MATERIAL FOR THIS EXERCISE:
--
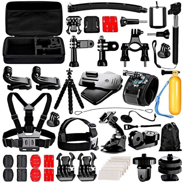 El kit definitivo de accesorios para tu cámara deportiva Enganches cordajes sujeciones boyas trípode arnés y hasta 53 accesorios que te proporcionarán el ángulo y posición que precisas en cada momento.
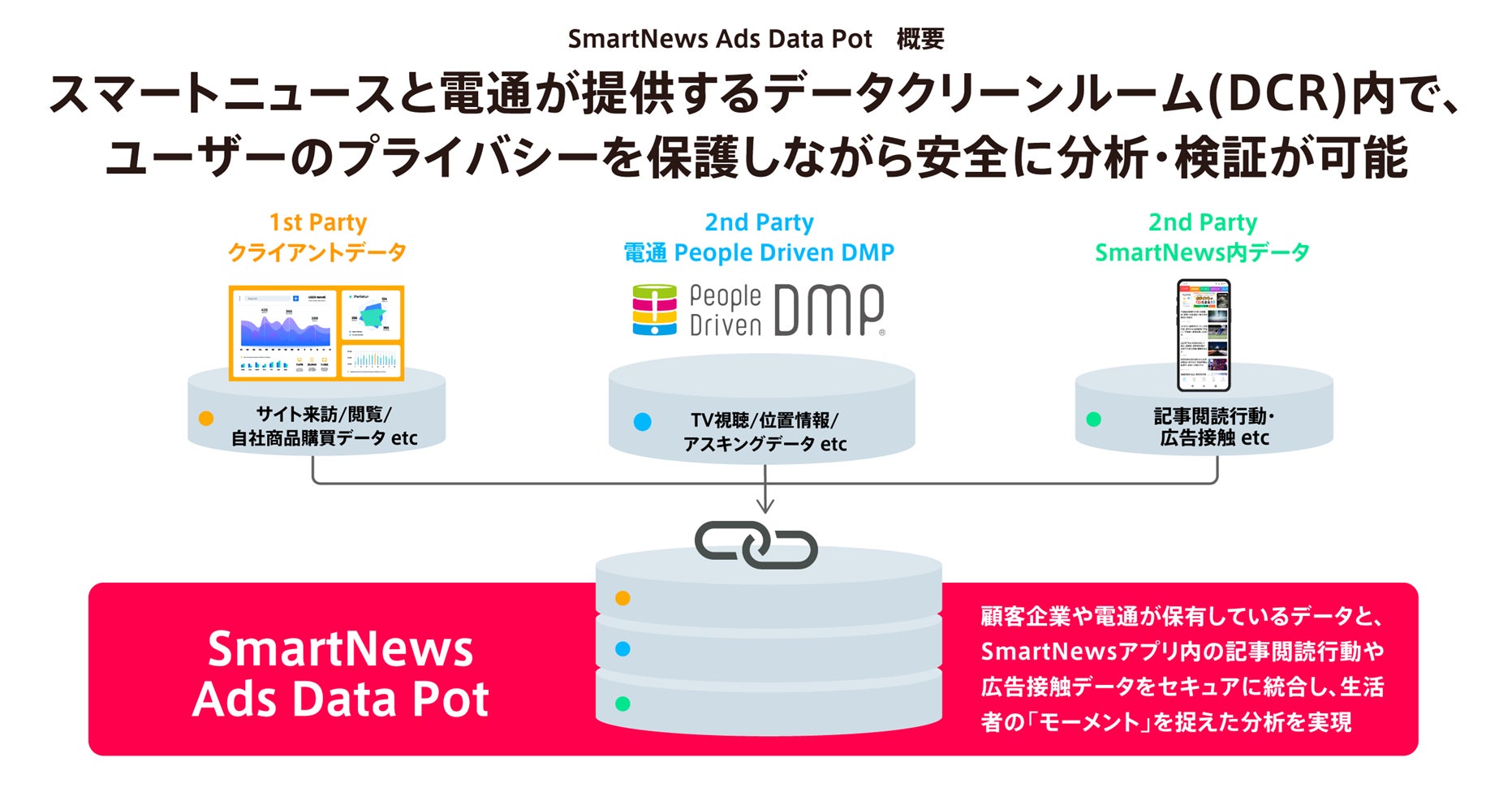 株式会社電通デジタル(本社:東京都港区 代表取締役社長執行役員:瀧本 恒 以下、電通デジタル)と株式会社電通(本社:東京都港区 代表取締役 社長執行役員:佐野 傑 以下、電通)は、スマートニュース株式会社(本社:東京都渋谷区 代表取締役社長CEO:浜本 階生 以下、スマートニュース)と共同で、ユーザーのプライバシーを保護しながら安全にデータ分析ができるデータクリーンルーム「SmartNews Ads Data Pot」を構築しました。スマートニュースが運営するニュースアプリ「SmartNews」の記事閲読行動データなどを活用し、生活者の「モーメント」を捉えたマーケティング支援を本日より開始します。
--
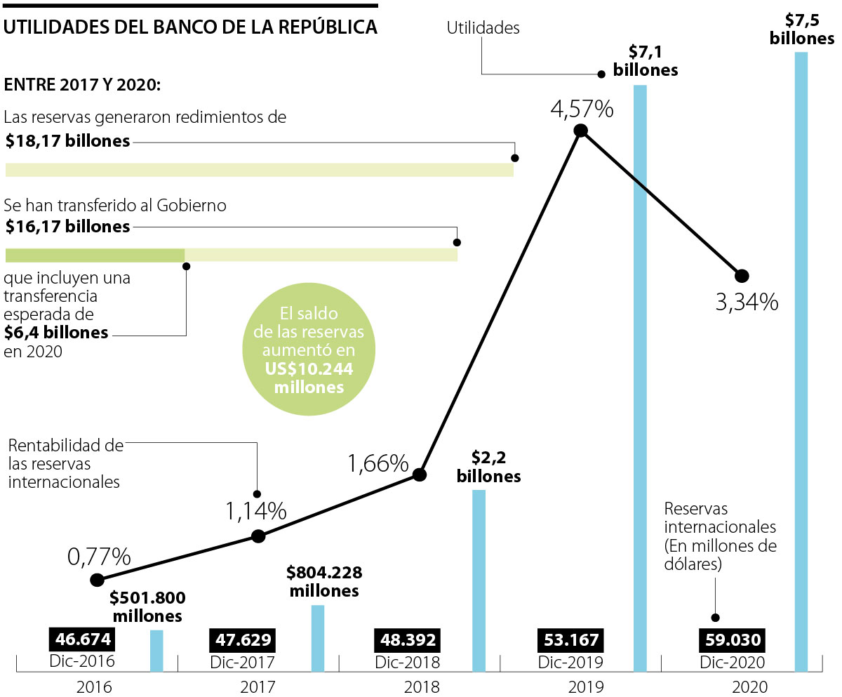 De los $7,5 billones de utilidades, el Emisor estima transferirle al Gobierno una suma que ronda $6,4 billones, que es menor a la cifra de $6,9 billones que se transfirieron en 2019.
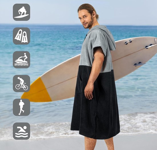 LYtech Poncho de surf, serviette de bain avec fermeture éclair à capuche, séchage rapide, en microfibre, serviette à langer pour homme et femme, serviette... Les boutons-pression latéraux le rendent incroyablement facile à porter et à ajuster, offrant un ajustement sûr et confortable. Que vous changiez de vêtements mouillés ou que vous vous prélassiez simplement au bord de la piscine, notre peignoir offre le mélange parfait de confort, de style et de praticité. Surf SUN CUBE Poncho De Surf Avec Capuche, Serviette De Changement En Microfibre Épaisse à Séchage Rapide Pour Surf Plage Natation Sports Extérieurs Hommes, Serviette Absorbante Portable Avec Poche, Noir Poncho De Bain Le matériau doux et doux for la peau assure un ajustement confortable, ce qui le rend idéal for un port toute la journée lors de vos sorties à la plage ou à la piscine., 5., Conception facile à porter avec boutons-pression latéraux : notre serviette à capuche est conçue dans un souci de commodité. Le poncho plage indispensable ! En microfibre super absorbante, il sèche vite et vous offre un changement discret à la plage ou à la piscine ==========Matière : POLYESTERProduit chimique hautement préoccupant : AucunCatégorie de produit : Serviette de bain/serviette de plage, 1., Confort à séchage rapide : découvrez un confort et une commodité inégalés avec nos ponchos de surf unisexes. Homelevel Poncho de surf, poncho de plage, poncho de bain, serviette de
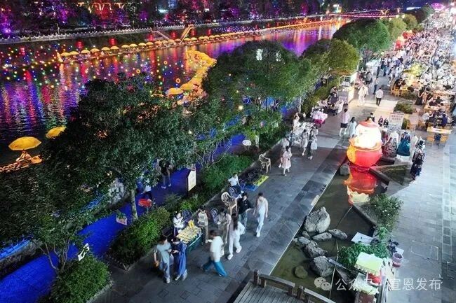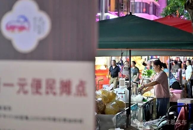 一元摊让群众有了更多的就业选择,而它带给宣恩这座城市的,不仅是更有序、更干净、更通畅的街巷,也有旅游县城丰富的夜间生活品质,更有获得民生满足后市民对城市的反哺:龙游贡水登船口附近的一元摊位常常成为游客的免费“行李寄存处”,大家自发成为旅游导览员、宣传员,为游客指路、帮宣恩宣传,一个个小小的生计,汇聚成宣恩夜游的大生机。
--
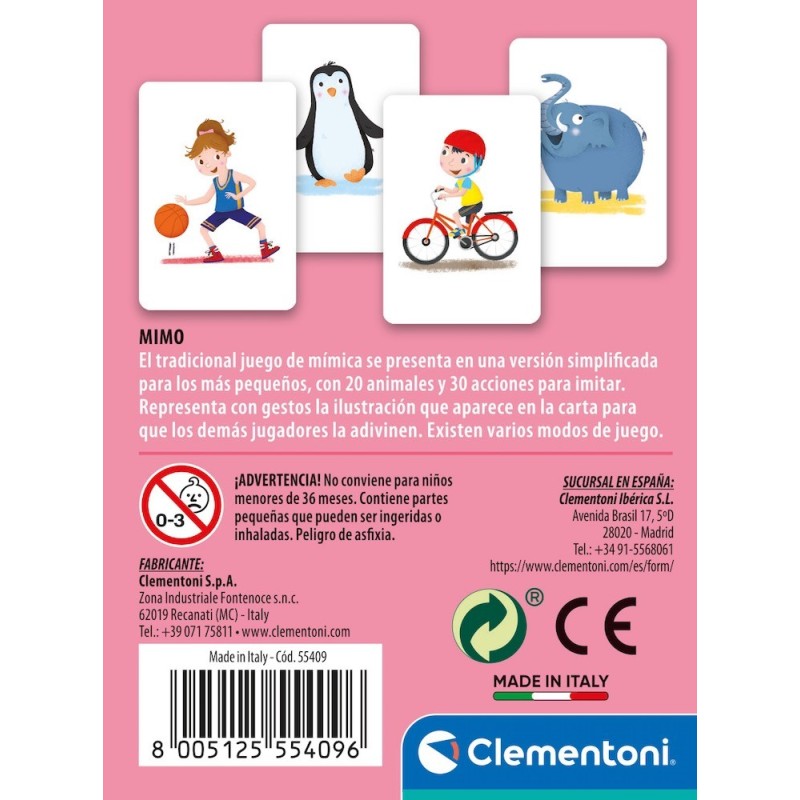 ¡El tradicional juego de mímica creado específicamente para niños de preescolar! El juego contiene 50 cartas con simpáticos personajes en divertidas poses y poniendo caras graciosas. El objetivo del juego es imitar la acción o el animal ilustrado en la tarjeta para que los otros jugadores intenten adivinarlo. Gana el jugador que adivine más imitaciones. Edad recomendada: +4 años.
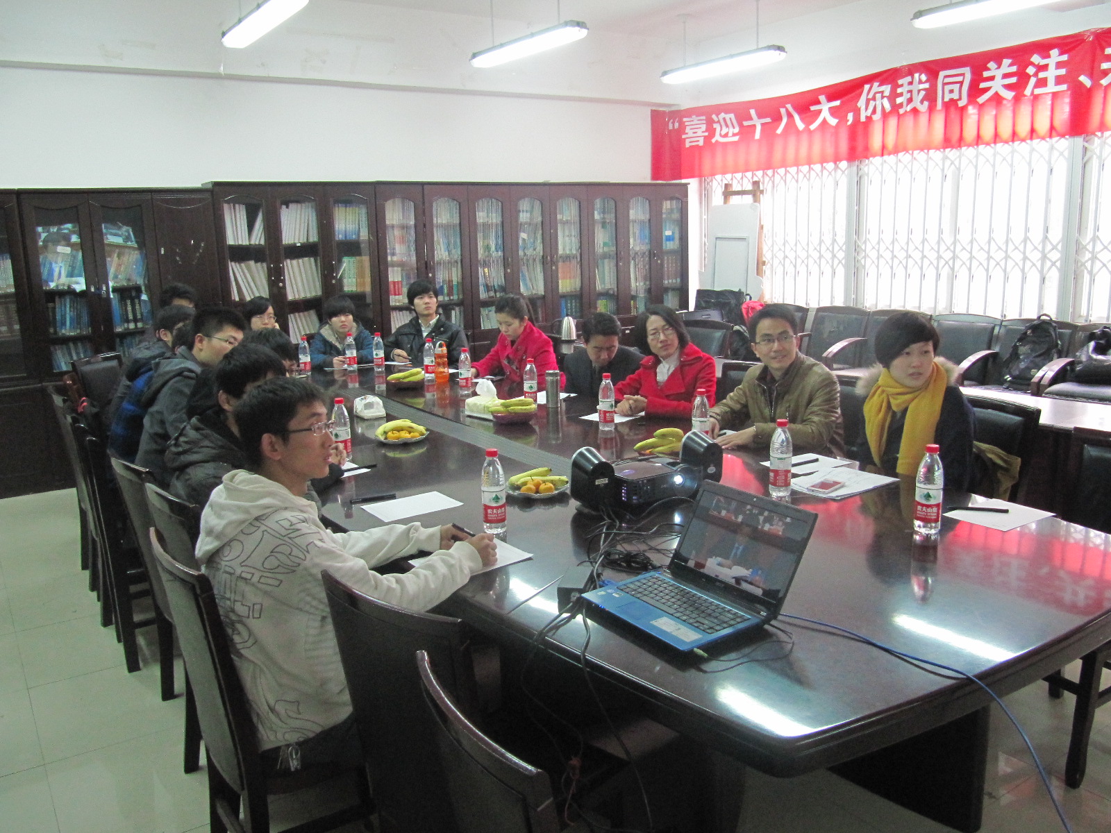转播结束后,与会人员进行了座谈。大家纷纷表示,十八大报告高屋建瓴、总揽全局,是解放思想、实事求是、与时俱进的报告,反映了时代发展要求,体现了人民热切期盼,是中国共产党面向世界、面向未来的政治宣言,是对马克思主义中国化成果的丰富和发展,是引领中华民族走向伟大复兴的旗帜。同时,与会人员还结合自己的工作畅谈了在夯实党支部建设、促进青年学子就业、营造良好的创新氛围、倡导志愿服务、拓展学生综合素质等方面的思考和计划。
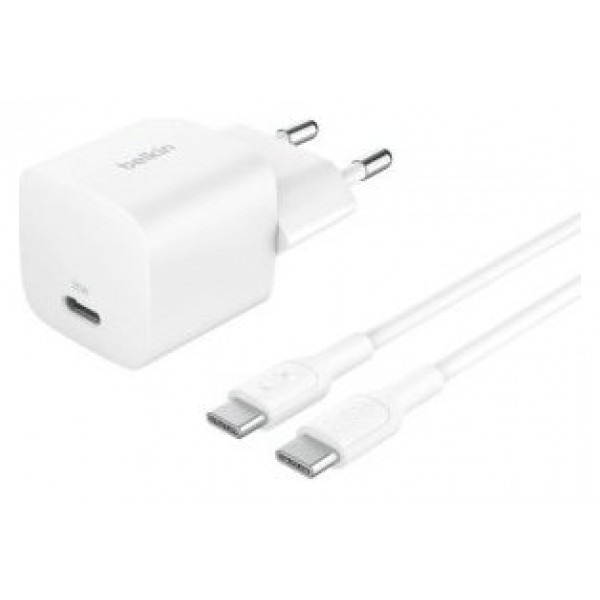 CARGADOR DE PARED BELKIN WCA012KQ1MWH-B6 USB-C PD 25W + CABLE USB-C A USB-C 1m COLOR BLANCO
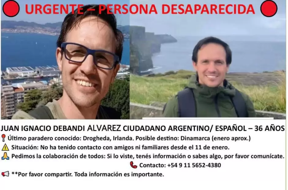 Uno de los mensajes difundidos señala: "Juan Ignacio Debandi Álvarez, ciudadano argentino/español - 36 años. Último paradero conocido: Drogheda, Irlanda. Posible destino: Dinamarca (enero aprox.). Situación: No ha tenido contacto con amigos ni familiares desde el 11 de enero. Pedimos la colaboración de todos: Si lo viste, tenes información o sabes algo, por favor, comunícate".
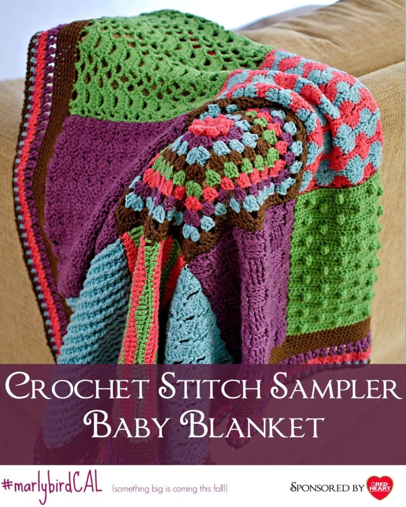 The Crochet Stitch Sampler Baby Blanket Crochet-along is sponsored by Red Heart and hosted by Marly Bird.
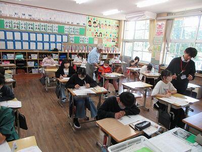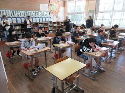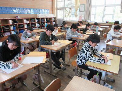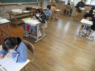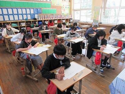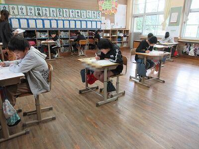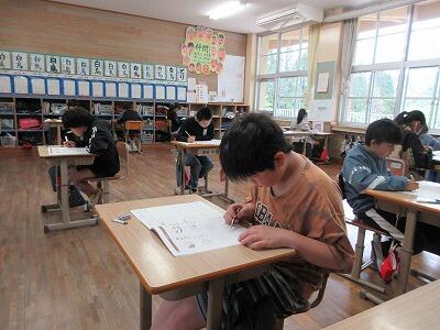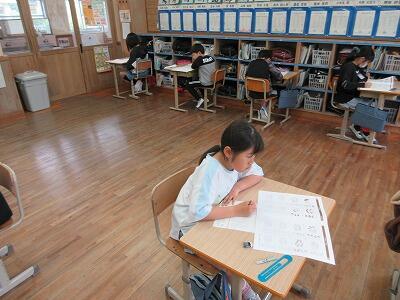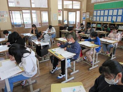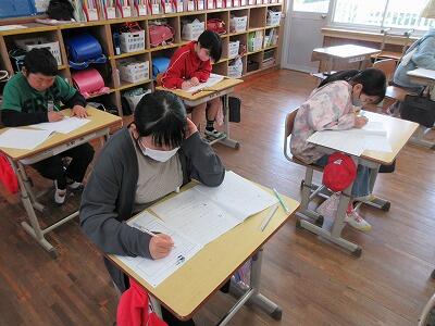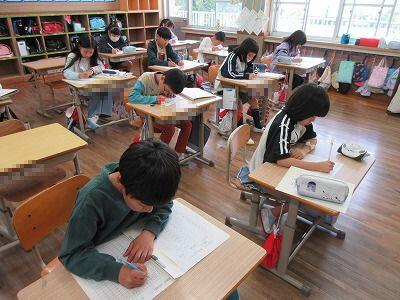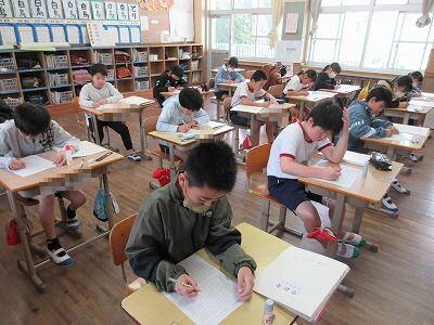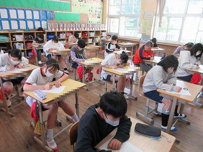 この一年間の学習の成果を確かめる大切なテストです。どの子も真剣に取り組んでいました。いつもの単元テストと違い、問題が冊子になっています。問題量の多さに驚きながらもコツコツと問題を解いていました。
--
WHAT IS EXPECTED:
Word for word, restate the lines above from the one with "转播结束后,与会人员进行了座" through the one with "この一年間の学習の成果を確か", keeping both ends and dropping the pictures.

EXPECTED ANSWER:
转播结束后,与会人员进行了座谈。大家纷纷表示,十八大报告高屋建瓴、总揽全局,是解放思想、实事求是、与时俱进的报告,反映了时代发展要求,体现了人民热切期盼,是中国共产党面向世界、面向未来的政治宣言,是对马克思主义中国化成果的丰富和发展,是引领中华民族走向伟大复兴的旗帜。同时,与会人员还结合自己的工作畅谈了在夯实党支部建设、促进青年学子就业、营造良好的创新氛围、倡导志愿服务、拓展学生综合素质等方面的思考和计划。
 CARGADOR DE PARED BELKIN WCA012KQ1MWH-B6 USB-C PD 25W + CABLE USB-C A USB-C 1m COLOR BLANCO
 Uno de los mensajes difundidos señala: "Juan Ignacio Debandi Álvarez, ciudadano argentino/español - 36 años. Último paradero conocido: Drogheda, Irlanda. Posible destino: Dinamarca (enero aprox.). Situación: No ha tenido contacto con amigos ni familiares desde el 11 de enero. Pedimos la colaboración de todos: Si lo viste, tenes información o sabes algo, por favor, comunícate".
 The Crochet Stitch Sampler Baby Blanket Crochet-along is sponsored by Red Heart and hosted by Marly Bird.
 この一年間の学習の成果を確かめる大切なテストです。どの子も真剣に取り組んでいました。いつもの単元テストと違い、問題が冊子になっています。問題量の多さに驚きながらもコツコツと問題を解いていました。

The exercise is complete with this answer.